Police commandos storm hijacked bus in Berlin
German police commandos stormed a hijacked double-decker bus in Berlin today, ending a four-and-a-half hour hostage drama.
The armed man who commandeered the vehicle after a bank robbery was injured. Two hostages, including a policewoman, were freed unharmed.
All the other passengers on the bus had either escaped or been freed before it stopped and was ringed by police sharpshooters in a tense stand-off.
The hostage-taker had robbed the bank with another man earlier today, and it was not clear at what point he had slipped away.
The hostage-taker was shot, apparently in the shoulder, as the bus was stormed, police spokesman Christian Matzdorf said. No police where hurt.
More than 20 passengers were on board when the bus was hijacked outside the bank at about 8.40am Irish time.
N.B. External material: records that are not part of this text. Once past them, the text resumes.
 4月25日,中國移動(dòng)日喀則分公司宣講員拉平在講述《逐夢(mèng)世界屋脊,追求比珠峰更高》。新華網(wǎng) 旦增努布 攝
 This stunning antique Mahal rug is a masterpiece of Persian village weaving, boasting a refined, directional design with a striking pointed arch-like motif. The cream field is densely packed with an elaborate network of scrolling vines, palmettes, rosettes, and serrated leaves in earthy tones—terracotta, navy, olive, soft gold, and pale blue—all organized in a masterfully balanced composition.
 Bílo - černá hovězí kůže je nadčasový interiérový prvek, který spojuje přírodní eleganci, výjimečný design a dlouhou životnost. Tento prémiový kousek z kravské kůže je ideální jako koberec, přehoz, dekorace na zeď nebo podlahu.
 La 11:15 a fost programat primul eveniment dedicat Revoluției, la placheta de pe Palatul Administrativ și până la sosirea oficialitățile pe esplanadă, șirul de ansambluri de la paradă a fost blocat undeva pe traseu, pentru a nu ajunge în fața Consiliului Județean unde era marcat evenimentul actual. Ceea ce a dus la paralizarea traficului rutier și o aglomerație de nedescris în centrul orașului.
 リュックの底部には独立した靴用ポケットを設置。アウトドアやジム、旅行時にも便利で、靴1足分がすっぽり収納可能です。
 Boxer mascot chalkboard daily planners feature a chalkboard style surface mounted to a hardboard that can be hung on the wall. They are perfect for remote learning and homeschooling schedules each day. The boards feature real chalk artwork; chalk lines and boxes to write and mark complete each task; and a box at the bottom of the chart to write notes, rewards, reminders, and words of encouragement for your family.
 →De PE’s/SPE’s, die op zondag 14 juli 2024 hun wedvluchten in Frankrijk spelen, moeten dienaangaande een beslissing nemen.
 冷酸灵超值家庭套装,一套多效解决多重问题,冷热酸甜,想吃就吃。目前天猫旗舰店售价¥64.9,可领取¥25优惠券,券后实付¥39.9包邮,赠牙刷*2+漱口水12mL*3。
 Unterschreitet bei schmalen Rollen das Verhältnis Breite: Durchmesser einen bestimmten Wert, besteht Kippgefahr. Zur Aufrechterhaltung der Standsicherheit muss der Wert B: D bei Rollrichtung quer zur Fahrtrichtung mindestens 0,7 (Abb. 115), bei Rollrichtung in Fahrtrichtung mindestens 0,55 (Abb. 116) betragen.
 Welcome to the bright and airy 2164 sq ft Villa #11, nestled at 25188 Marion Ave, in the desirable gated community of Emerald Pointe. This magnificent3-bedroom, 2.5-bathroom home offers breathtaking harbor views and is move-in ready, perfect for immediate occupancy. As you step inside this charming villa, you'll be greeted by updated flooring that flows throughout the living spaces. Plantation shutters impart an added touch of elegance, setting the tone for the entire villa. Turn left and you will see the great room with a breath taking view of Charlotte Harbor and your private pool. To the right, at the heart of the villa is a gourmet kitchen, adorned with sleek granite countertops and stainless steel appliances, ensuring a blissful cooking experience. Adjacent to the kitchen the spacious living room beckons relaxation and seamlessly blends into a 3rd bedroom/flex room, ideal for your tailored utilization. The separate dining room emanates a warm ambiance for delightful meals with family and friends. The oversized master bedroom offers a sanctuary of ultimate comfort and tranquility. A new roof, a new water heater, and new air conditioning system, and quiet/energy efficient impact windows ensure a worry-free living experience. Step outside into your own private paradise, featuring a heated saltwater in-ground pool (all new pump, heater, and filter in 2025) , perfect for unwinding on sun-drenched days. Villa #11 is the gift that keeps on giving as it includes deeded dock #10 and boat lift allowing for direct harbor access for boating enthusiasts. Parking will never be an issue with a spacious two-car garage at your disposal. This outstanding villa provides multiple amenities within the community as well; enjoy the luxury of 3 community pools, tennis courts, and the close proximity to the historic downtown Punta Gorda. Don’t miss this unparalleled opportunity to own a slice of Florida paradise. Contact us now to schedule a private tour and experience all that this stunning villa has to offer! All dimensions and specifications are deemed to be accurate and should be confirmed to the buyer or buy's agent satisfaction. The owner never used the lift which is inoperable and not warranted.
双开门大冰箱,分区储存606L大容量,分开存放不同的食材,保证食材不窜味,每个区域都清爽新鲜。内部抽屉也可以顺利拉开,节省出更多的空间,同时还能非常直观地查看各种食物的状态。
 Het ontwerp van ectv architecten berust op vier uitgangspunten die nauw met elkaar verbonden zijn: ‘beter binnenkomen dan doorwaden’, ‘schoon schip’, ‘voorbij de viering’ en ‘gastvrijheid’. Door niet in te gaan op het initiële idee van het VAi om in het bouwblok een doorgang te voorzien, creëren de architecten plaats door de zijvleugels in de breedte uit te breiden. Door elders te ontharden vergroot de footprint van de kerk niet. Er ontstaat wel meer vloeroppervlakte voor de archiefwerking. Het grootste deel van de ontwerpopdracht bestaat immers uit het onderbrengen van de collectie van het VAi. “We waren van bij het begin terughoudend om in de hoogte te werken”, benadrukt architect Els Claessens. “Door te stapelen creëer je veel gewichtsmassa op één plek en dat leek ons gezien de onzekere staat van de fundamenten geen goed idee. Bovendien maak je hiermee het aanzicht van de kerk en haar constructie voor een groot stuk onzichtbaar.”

After about an hour on the road the yellow double-decker, apparently cornered by unmarked police cars, came to a stop in the Schoeneberg district.
Police sealed off the area as sharpshooters took up position along a wall about 20 yards away, while police commandos in helmets and bullet-proof vests surrounded the bus, some occasionally peering in the windows.
They negotiated for several hours with the armed man in a bid to free his captives: a passenger and a policewoman who followed him onto the bus after the hold-up. Police would not say whether the hijacker had made any demands.
Gunfire heard on the bus earlier could have come from the hijacker or the captive policewoman, Matzdorf said.
The bus was commandeered after two men held up a Commerzbank branch in a busy shopping street in the southern district of Steglitz.
Witnesses said two masked men entered the bank, one with a pistol, and shouted “Money, money.”
They made off with some cash and then hijacked the bus at a stop outside the bank. The men appeared to be between 25 and 30 years old, said bank customer Sabine Gause.